Approximating $$\displaystyle\int_{a}^{b} f(x) \,dx$$ by quadrature rules like trapezoidal, Simpson's will give large error when the interval $$[a,b]$$ is large. We can modify those rules by using $$n+1$$ points instead of 2 or 3 points. Then the Lagrange polynomial of degree $$n$$ might give large error near the end points for large $$n$$. So we use a composite quadrature rule that breaks $$[a,b]$$ into $$n$$ subintervals $$[x_0,x_1],[x_1,x_2],\ldots,[x_{n-1},x_n]$$ ($$x_i=a+ih$$ and $$h=(b-a)/n$$) and approximates the integral by applying quadrature rules on each subinterval and adding them up: $\int_{a}^{b} f(x) \,dx = \int_{x_0}^{x_1} f(x) \,dx+ \int_{x_1}^{x_2} f(x) \,dx+\cdots+\int_{x_{n-1}}^{x_n} f(x) \,dx.$

Applying trapezoidal rule on each subinterval $$[x_{i-1},x_i]$$, we get \begin{align*} \int_{a}^{b} f(x) \,dx = \sum_{i=1}^n \int_{x_{i-1}}^{x_i} f(x) \,dx &\approx \sum_{i=1}^n h\left( \frac{f(x_{i-1})+f(x_i)}{2} \right)\\ &=\displaystyle\frac{h}{2} \Big[ f(x_0)+2f(x_1)+\cdots+2f(x_{n-1})+f(x_n) \Big]. \end{align*} So the Composite Trapezoidal Rule is $\int_{a}^{b} f(x) \,dx \approx \displaystyle\frac{h}{2} \Big[ f(x_0)+2f(x_1)+\cdots+2f(x_{n-1})+f(x_n) \Big].$ Similarly the Composite Midpoint Rule is $\int_{a}^{b} f(x) \,dx \approx h \sum_{i=1}^n f\left(\frac{x_{i-1}+x_i}{2} \right).$

For the Composite Simpson's Rule, we take even $$n$$ and apply simple Simpson's Rule to the subintervals $$[x_{0},x_{2}],[x_{2},x_{4}],\ldots,[x_{n-2},x_{n}]$$: \begin{align*} \int_{a}^{b} f(x) \,dx &= \sum_{i=1}^{n/2} \int_{x_{2i-2}}^{x_{2i}} f(x) \,dx\\ &\approx \sum_{i=1}^{n/2} \frac{2h}{6}\bigg[ f(x_{2i-2})+4f(x_{2i-1})+f(x_{2i}) \bigg]\\ &= \frac{h}{3} \bigg[ \scriptstyle{\Big( f(x_0)+4f(x_1)+f(x_2) \Big) + \Big( f(x_2)+4f(x_3)+f(x_4) \Big) + \cdots+ \Big( f(x_{n-2})+4f(x_{n-1})+f(x_n) \Big) } \bigg]\\ &= \frac{h}{3} \bigg[ \scriptstyle{f(x_0)+f(x_n) + 4\Big( f(x_1)+f(x_3)+\cdots+f(x_{n-1}) \Big) + 2\Big( f(x_2)+f(x_4)+\cdots+f(x_{n-2}) \Big) } \bigg]\\ &= \frac{h}{3}\left[ f(x_0)+f(x_n)+ 4\sum_{i=1}^{n/2} f(x_{2i-1})+ 2\sum_{i=1}^{(n-2)/2} f(x_{2i}) \right] \end{align*}

Example. Approximate $$\displaystyle\int_{0}^2 e^x\,dx$$ using $$4$$ subintervals in (a) Composite Trapezoidal Rule, (b) Composite Midpoint Rule, (c) Composite Simpson's Rule.

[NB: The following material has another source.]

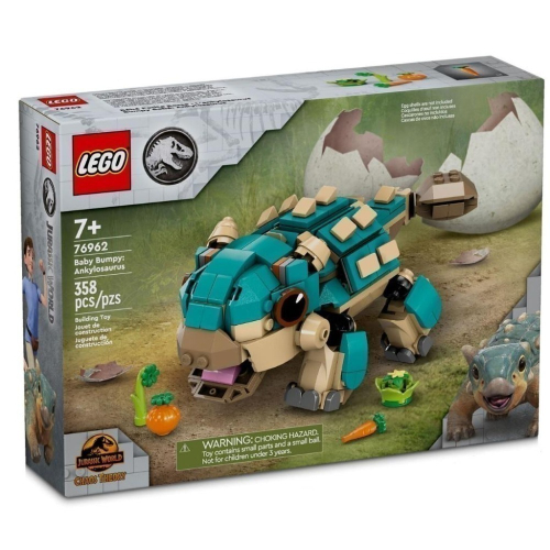 用 Baby Bumpy: Ankylosaurus(76962)恐龍玩具激發電視影集《白堊冒險營》粉絲的靈感,這款模型充滿遊戲與展示冒險可能性。7 歲以上小小恐龍照顧者可先拼砌這款樂高® 侏羅紀世界盒組,接著展開遊戲,開始跟小鼓一起探索世界。此恐龍拼砌冒險盒組的玩偶包含可打開的下顎、頭部左右移動時會搖來搖去的鉸接式尾巴、鉸接式腿部,並配有一些蔬菜。遊戲結束後,在架上或桌上以不同的動態姿勢展示這款逗趣的恐龍好禮。
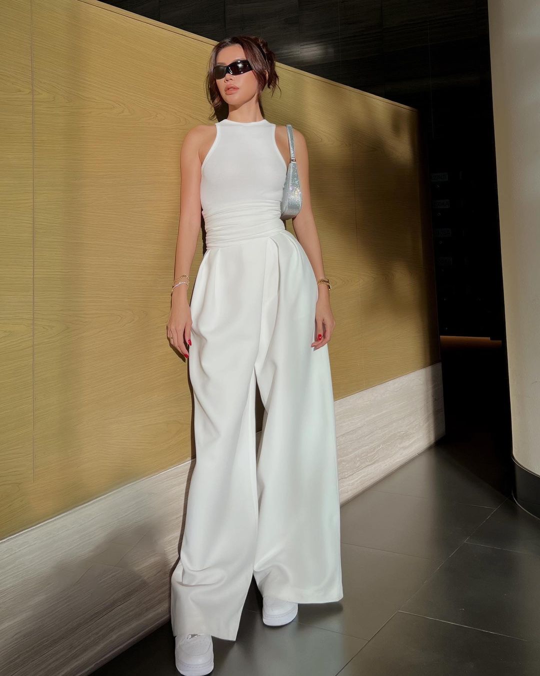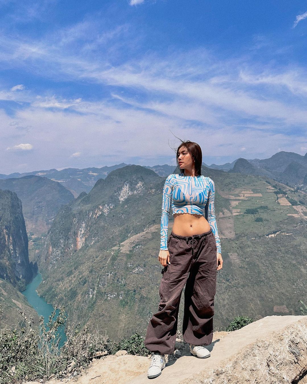 Trong những chuyến du lịch, Minh Tú lăng xê mẫu quần vải dù gọn nhẹ, dễ di chuyển. Sở hữu tỉ lệ cơ thể hoàn hảo, khi mix&match quần vải dù parachute cùng croptop, nàng siêu mẫu phô diễn triệt để được sắc vóc vạn người mê.

Solution. First of all let's find the exact integral: $$\displaystyle\int_{0}^2 e^x\,dx= e^x \Big]_0^2=e^2-1 \approx 6.389.$$
$$n=4\implies h=(2-0)/4=0.5$$ and the 4 subintervals are $$[0,0.5],\; [0.5,1],\; [1,1.5],\; [1.5,2]$$. \begin{align*} \text{CTR}:\; \int_{0}^2 e^x\,dx &\approx \frac{0.5}{2}\Big[ e^0+2e^{0.5}+2e^{1}+2e^{1.5}+e^{2} \Big]=6.52\\ \text{CMR}:\; \int_{0}^2 e^x\,dx &\approx 0.5\Big[ e^{0.25}+e^{0.75}+e^{1.25}+e^{1.75} \Big]=6.32\\ \text{CSR}:\; \int_{0}^2 e^x\,dx &\approx \frac{0.5}{3}\Big[ e^0+4e^{0.5}+2e^{1}+4e^{1.5}+e^{2} \Big]= 6.39 \end{align*}

The error in the composite trapezoidal rule (using $$n$$ subintervals) is given by $E_{T_n}=-\sum_{i=1}^n f''(c_i)\frac{(x_i-x_{i-1})^3}{12} =-\frac{h^3}{12} \sum_{i=1}^n f''(c_i).$ Assuming continuity of $$f''$$ on $$(a,b)$$, by the IVT we can find $$c\in (a,b)$$ such that $\frac{1}{n}\sum_{i=1}^n f''(c_i)=f''(c).$ Thus $$\sum_{i=1}^n f''(c_i)=nf''(c)$$ and then $E_{T_n}=-\frac{nh^3}{12} f''(c).$ Note that $$n=(b-a)/h$$. Then the error for the composite trapezoidal rule becomes: $\boxed{E_{T_n}=-\frac{(b-a)}{12} h^2 f''(c) }$ Similarly we get errors in the composite midpoint and Simpson's rule: $\boxed{E_{M_n}=\frac{(b-a)}{24} h^2 f''(c) } \;\;\;\;\;\; \boxed{E_{S_n}=-\frac{(b-a)}{180} h^4 f^{(4)}(c) }$ Note that since errors are $$O(h^2)$$ and $$O(h^4)$$, small step sizes lead to more accurate integral.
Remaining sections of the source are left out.